The default instance configuration used for the data section of the template uses all three of the capabilities: data, master, and ingest. If you use a dedicated configuration instead, where only data is enabled, you must also enable a dedicated master section and set the threshold value to
1
. If you do not enable dedicated coordinating nodes in that situation, your data nodes will assume coordination of incoming read and write requests to the deployment, but you will not be able to use any ingest pipelines. To use ingest pipelines, you need to have either adefault
or acoordinating
instance configuration enabled in at least one section of the template.
-
- Click Next.
-
If you added multiple Elasticsearch data configurations on the previous page, such as
data.default
anddata.highstorage
: Configure index management.
- Configure how other Elastic products, like Kibana instances or APM Servers, get included in your template. You can select if they are included at all, what high availability options and sizes are available, and what user settings should always be specified.
- Give your deployment template a name and include a description that reflects its intended use.
- Click Save and create template.
Create deployment templates through the RESTful API:
edit-
Obtain the existing deployment templates to see some examples of what the required JSON looks like. You can take the JSON for one of the existing templates and modify it to create a new template, similar to what gets shown in the next step.

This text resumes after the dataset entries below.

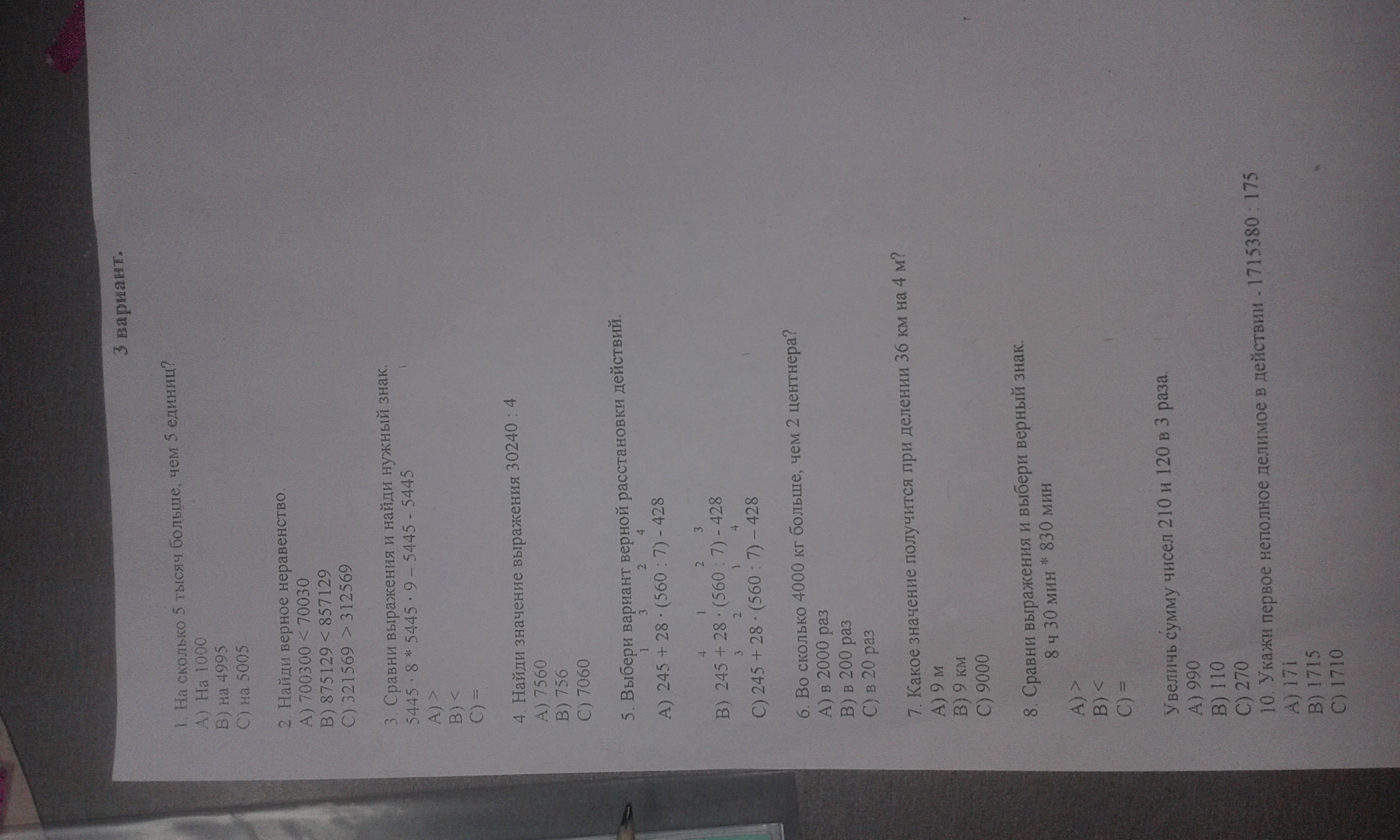 В пятом сначала в скобках делают, потом умножение , а только потом уже сложение - вычитание
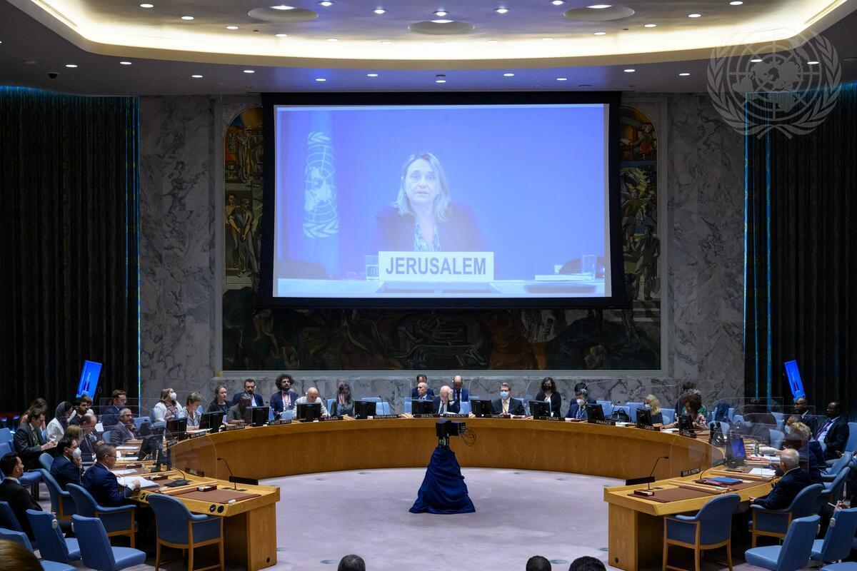 Lynn Hastings (on screen), Deputy Special Coordinator for the Middle East Peace Process, United Nations Resident Coordinator and Humanitarian Coordinator for the Occupied Palestinian Territory, briefs the Security Council meeting on the situation in the Middle East, including the Palestinian question. (UN Photo/Loey Felipe - 26 July 2022)
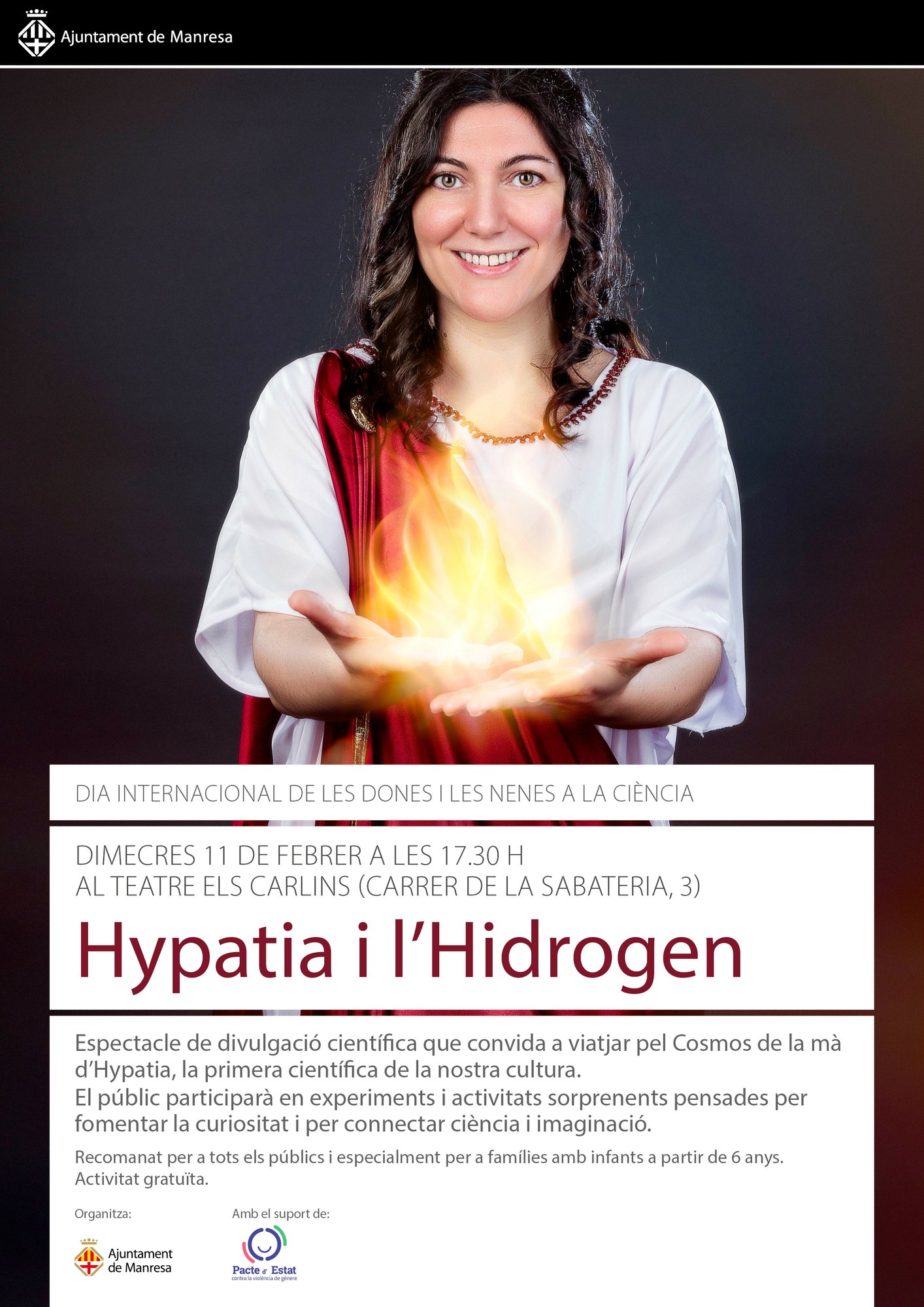 Amb motiu del Dia Internacional de les Dones i les Nenes a la Ciència, l’Ajuntament de Manresa presenta Hypatia i l’Hidrogen, un espectacle de divulgació científica que convida a viatjar pel cosmos amb la primera científica de la nostra cultura. El públic participarà en experiments senzills i sorprenents sobre l’hidrogen, dissenyats per despertar la curiositat i connectar ciència i imaginació. Recomanat per a tots els públics i famílies amb infants a partir de 6 anys.
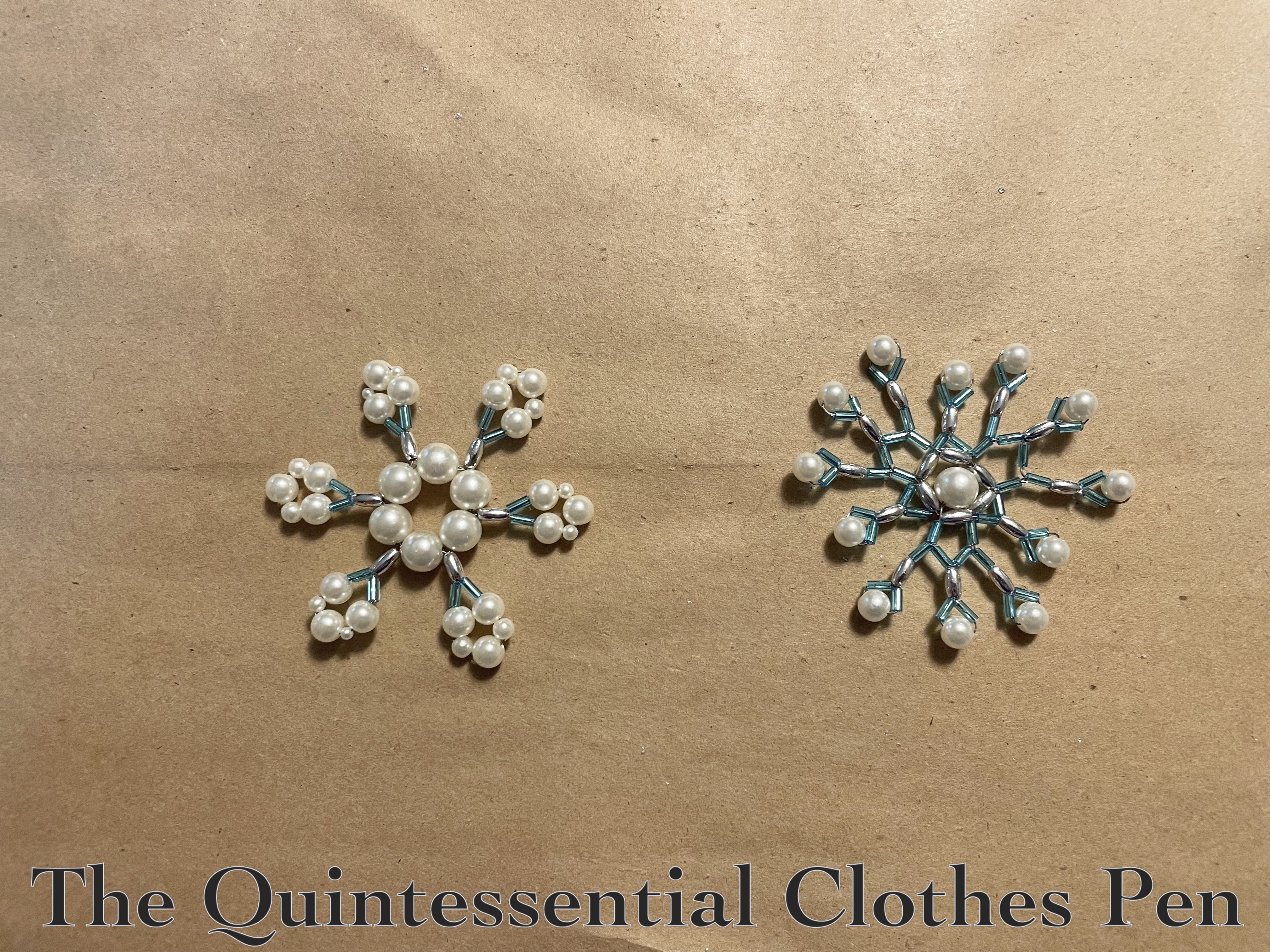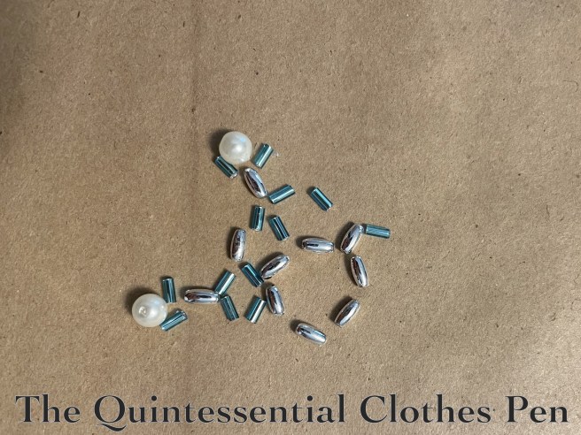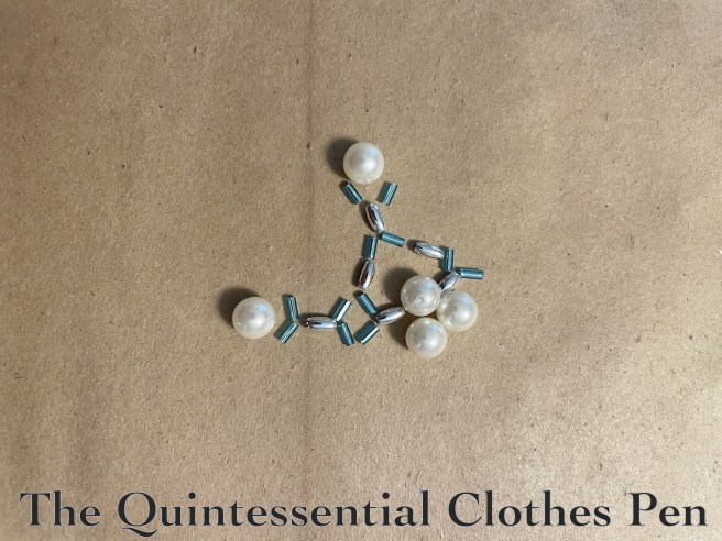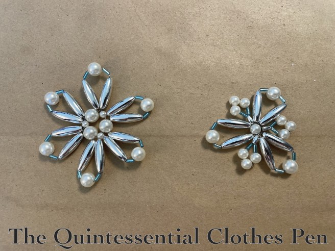 I did a quick internet search for ‘beaded snowflake tutorial’. There are many! But this one, on Instructables, use beads similar to the types I had available, so that was my main inspiration. I laid out my beads in a few ways to see what would best approximate the pattern in the tutorial, as you can see below.
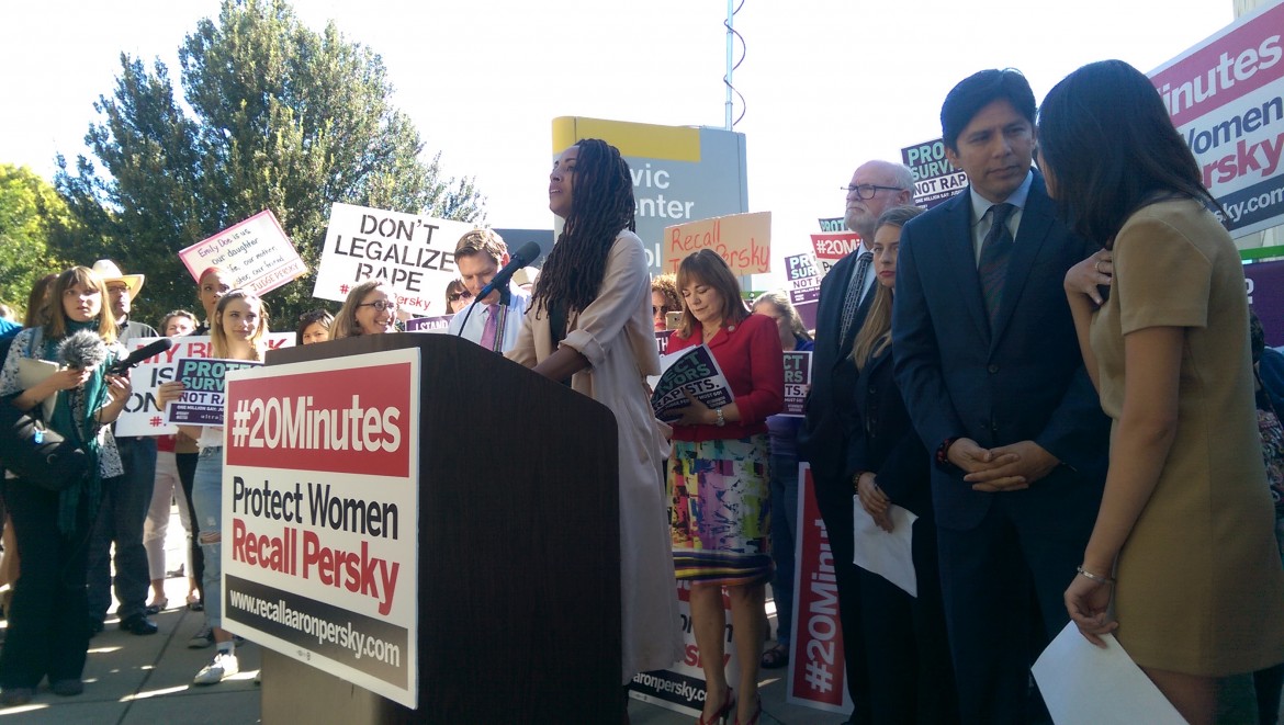 Leading up to the rally, he called on Gov. Jerry Brown to sign legislation that would require mandatory prison time for sexually assaulting an unconscious person. In California, using force in sexual assault already requires a prison sentence, but not in cases where the victim is incapacitated and no force is used.
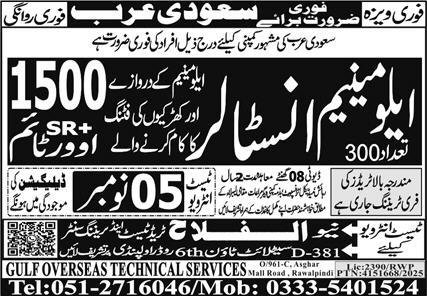 Aluminum Installer Jobs Career Opportunity In Saudi Arabia announce the Contract career opportunities for the post of See Below Ad in Saudi Arabia for the fresh and experienced candidates on Contract basis who have Check Advertisement degree. Posted date of this post is 31/10/2025 and the last date is 05/11/2025. if you are eligible for this job apply before due date.

curl -k -X GET -H "Authorization: ApiKey $ECE_API_KEY" https://COORDINATOR_HOST:12443/api/v1/platform/configuration/templates/deployments
-
Post the JSON for your new deployment template.
The following example creates a deployment template that defaults to a highly available Elasticsearch cluster with 4 GB per node, a 16 GB machine learning node, 3 dedicated master nodes of 1 GB each, a 1 GB Kibana instance, and a 1 GB dedicated coordinating node that is tasked with handling and coordinating all incoming requests for the cluster. Elasticsearch and Kibana use the default instance configurations, but the machine learning node is based on the custom instance configuration in our previous example.
curl -k -X POST -H "Authorization: ApiKey $ECE_API_KEY" https://$COORDINATOR_HOST:12443/api/v1/platform/configuration/templates/deployments/ -H 'content-type: application/json' -d '{ "name": "Custom Elasticsearch and ML template", "description": "Custom template that includes Elasticsearch, with dedicated master and coordinating nodes, machine learning, and Kibana", "cluster_template": { "plan": { "cluster_topology": [{ "size": { "value": 4096, "resource": "memory" }, "node_type": { "master": true, "data": true, "ingest": true }, "instance_configuration_id": "data.default", "elasticsearch": { "user_settings_yaml": "", "node_attributes": { } }, "zone_count": 3 }, { "size": { "value": 1024, "resource": "memory" }, "node_type": { "master": true, "data": false, "ingest": false }, "instance_configuration_id": "master", "elasticsearch": { }, "zone_count": 3 }, { "size": { "value": 1024, "resource": "memory" }, "node_type": { "master": false, "data": false, "ingest": true }, "instance_configuration_id": "coordinating", "elasticsearch": { }, "zone_count": 1 }, { "size": { "value": 16384, "resource": "memory" }, "node_type": { "master": false, "data": false, "ingest": false, "ml": true }, "instance_configuration_id": "b092529897194a45808ae70ec5270c6b", "elasticsearch": { }, "zone_count": 1 }], "elasticsearch": { } }, "settings": { "dedicated_masters_threshold": 3 }, "kibana": { "plan": { "cluster_topology": [{ "instance_configuration_id": "kibana", "size": { "value": 1024, "resource": "memory" }, "zone_count": 1 }], "kibana": { "user_settings_yaml": "" } } } }, "system_owned": false }'
After you have saved your new template, you can start creating new deployments with it.